● **What the task requires**
Transcribe each entry in full, and leave the images out.

● **Provided information**
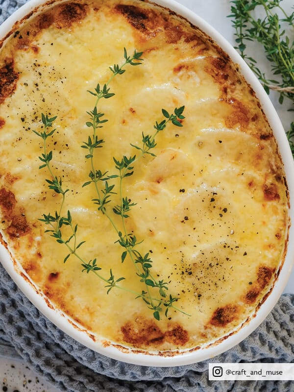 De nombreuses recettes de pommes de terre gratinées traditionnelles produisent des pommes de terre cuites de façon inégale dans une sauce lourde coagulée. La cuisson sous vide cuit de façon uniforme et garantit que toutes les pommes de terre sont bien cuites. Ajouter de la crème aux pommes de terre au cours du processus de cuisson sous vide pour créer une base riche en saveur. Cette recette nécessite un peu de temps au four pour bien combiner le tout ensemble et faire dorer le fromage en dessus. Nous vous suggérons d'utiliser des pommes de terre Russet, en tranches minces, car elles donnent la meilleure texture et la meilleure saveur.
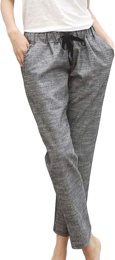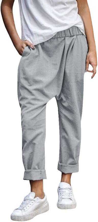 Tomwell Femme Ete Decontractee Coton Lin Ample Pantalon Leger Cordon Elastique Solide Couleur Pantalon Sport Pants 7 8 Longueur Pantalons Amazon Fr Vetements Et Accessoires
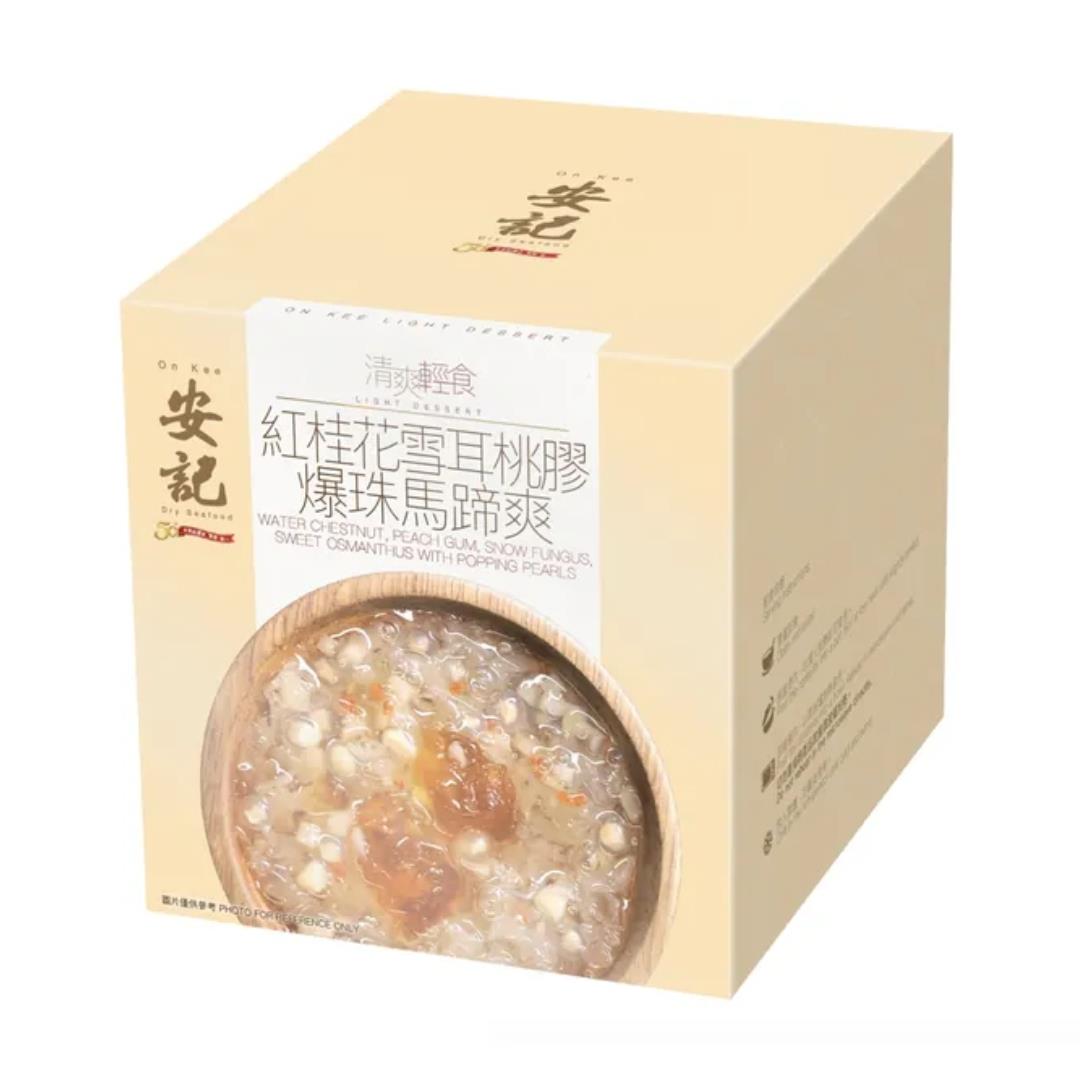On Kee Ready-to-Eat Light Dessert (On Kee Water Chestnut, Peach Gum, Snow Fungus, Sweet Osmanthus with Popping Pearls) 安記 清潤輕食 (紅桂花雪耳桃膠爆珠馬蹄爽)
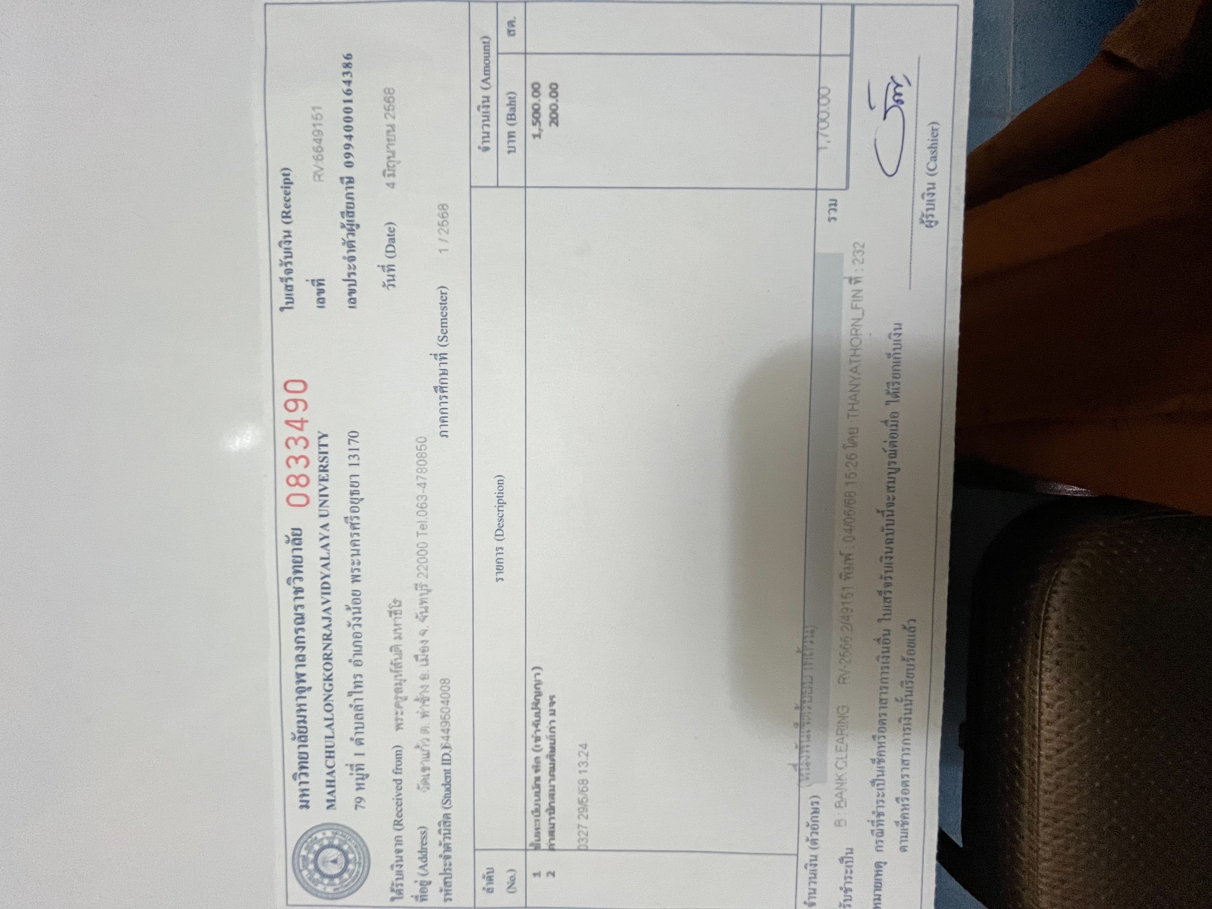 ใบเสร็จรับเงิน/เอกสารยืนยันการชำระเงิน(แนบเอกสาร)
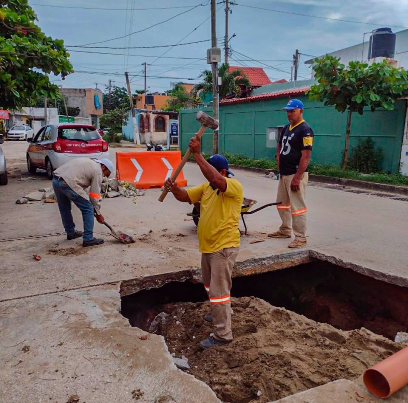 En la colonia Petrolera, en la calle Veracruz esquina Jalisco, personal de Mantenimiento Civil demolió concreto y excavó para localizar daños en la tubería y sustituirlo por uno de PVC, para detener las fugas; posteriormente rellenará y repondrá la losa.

● **Exercise output**
 De nombreuses recettes de pommes de terre gratinées traditionnelles produisent des pommes de terre cuites de façon inégale dans une sauce lourde coagulée. La cuisson sous vide cuit de façon uniforme et garantit que toutes les pommes de terre sont bien cuites. Ajouter de la crème aux pommes de terre au cours du processus de cuisson sous vide pour créer une base riche en saveur. Cette recette nécessite un peu de temps au four pour bien combiner le tout ensemble et faire dorer le fromage en dessus. Nous vous suggérons d'utiliser des pommes de terre Russet, en tranches minces, car elles donnent la meilleure texture et la meilleure saveur.
 Tomwell Femme Ete Decontractee Coton Lin Ample Pantalon Leger Cordon Elastique Solide Couleur Pantalon Sport Pants 7 8 Longueur Pantalons Amazon Fr Vetements Et Accessoires
On Kee Ready-to-Eat Light Dessert (On Kee Water Chestnut, Peach Gum, Snow Fungus, Sweet Osmanthus with Popping Pearls) 安記 清潤輕食 (紅桂花雪耳桃膠爆珠馬蹄爽)
 ใบเสร็จรับเงิน/เอกสารยืนยันการชำระเงิน(แนบเอกสาร)
 En la colonia Petrolera, en la calle Veracruz esquina Jalisco, personal de Mantenimiento Civil demolió concreto y excavó para localizar daños en la tubería y sustituirlo por uno de PVC, para detener las fugas; posteriormente rellenará y repondrá la losa.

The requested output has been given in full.